Powerful, AI-based OCR capabilities now available on the In-Sight 2800 Vision System
Cognex Corporation has expanded the capabilities of its In-Sight® 2800 vision system to include optical character recognition (OCR). The new ViDi EL Read tool, powered by edge learning technology, deciphers human-readable characters on reflective, low-contrast and non-flat surfaces with ease.
Edge learning technology simplifies character reading applications to improve quality control and traceability
“The In-Sight 2800 with edge learning redefines ease of use, allowing anyone to deploy AI-based applications regardless of experience level,” said Lavanya Manohar, Cognex Vice President of Vision Systems. “ViDi EL Read replaces complicated programming with example-based training, making it simple to set up OCR models to read characters on challenging surfaces and even multiple lines of text simultaneously.”
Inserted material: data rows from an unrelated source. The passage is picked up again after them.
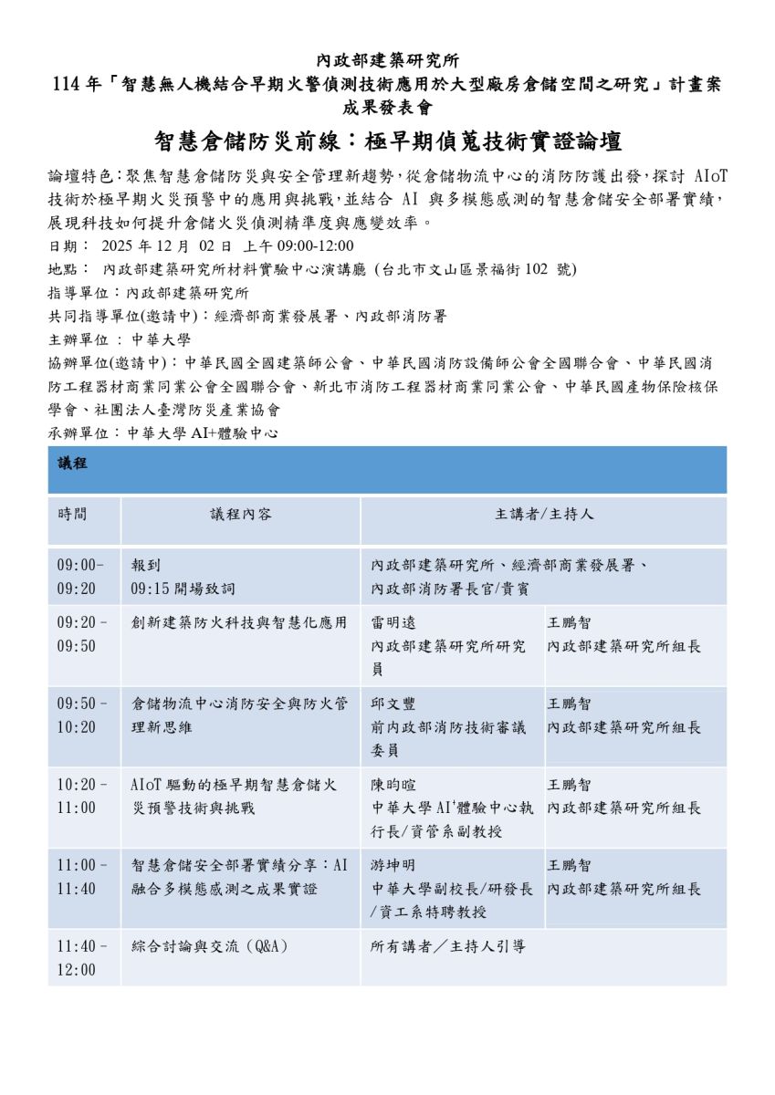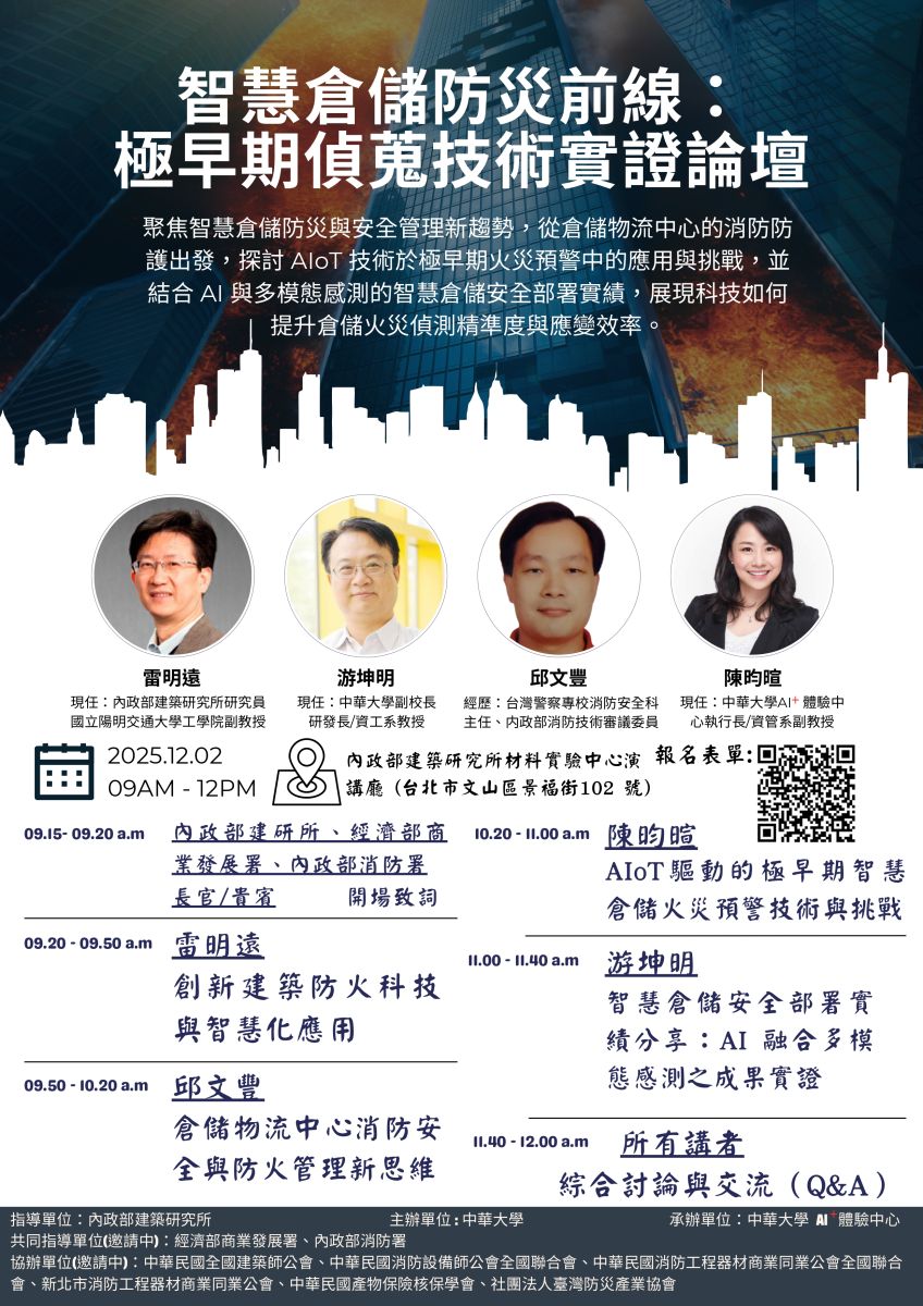 本次由 #中華大學 主辦、#內政部建築研究所 指導,並邀集產官學研重量級專家共同分享最新研究成果,聚焦 AIoT、極早期火災預警、多模態感測、智慧倉儲安全部署 等前沿技術,協助提升臺灣倉儲防災系統整體能量。協會亦受邀擔任協辦單位,共同推動智慧防災技術的實務應用。
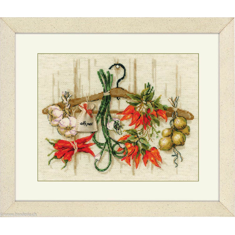 L'article 'Riolis, kit Spicy Condiments (RI1794)' fait partie de notre assortiment depuis le 28 février 2019. La gamme Riolis nous vient de Lituanie et propose une grande diversité de kits de points de croix comptés : paysages, animaux, saisons, modèles modernes et rétros, kits faciles et avec perles, reproduction de tableaux de maîtres. Sa particularité est essentiellement d'utiliser pour la plupart de ses kits de la laine très fine, idéale pour donner un aspect soyeux à la broderie. Pensez à bien regarder dans "plus de détails" du kit qui vous intéresse si le kit est avec laine ou mouliné. Tous les kits sont livrés avec de l'aïda 5,5 points/cm (Aïda 14) ou plus large (marqué aïda 10). il est cependant facile changer de trame, sauf pour les quelques kits ou l'aïda est imprimé par un dessin dans le fonds (références commençant par RIPT). Les kits mentionnés comme "facile" le sont car ils sont brodés sur de l'aïda 4.5 points/cm, mais ne sont pas conseillés pour un premier ouvrage d'enfant, car la plupart sont livrés avec de la lainev :-) Explication en russe et en anglais
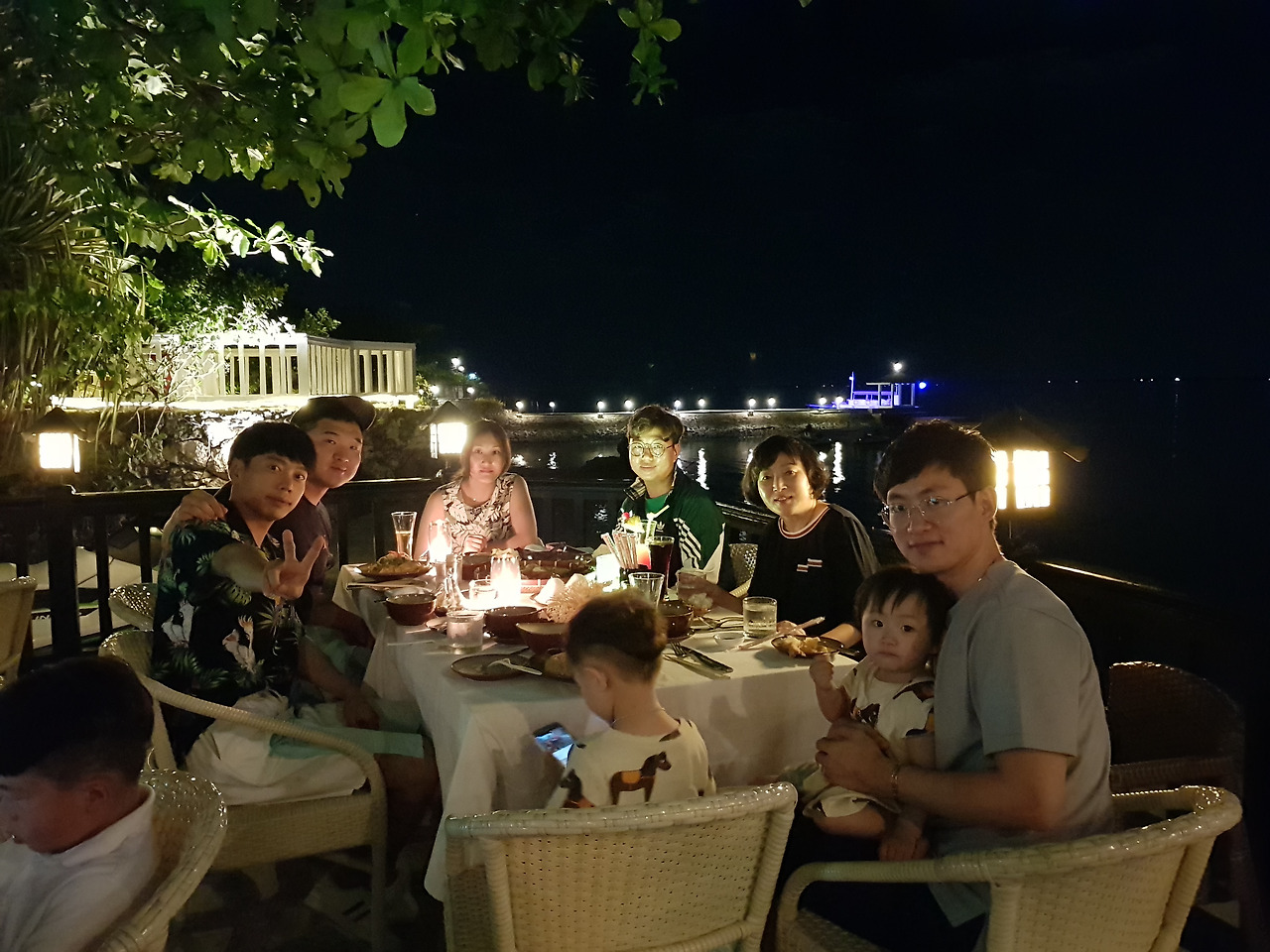 야외 바닷가 보이는 테라스에서 저녁을 먹었답니다.

The easy-to-use OCR solution helps food and beverage producers to easily read expiration dates, even on curved surfaces, to verify freshness and prevent consumer recalls. Medical device and pharmaceutical companies can verify dates and lot codes to ensure vaccine efficacy and compliance with medical standards. Electric vehicle manufacturers can quickly locate and read the alphanumeric text laser etched on the bottom sides of EV batteries to improve traceability, and logistics facilities can decipher codes and text on a variety of package types to ensure proper routing and prevent rework.
OCR applications can be time-consuming to set up, requiring hours of programming by highly trained engineers, preventing many companies from automating this type of inspection. Using the ViDi EL Read tool, models are set up and deployed directly on the device in minutes with as few as 10 sample images. The accuracy of the results is measured by a confidence score that is displayed below each of the trained characters offering real-time, visual feedback and reassurance of reliable traceability across the supply chain.
The In-Sight 2800 vision system was first released in April 2022 designed to solve complex classification applications. Additional tools are currently in development and scheduled for release in coming months.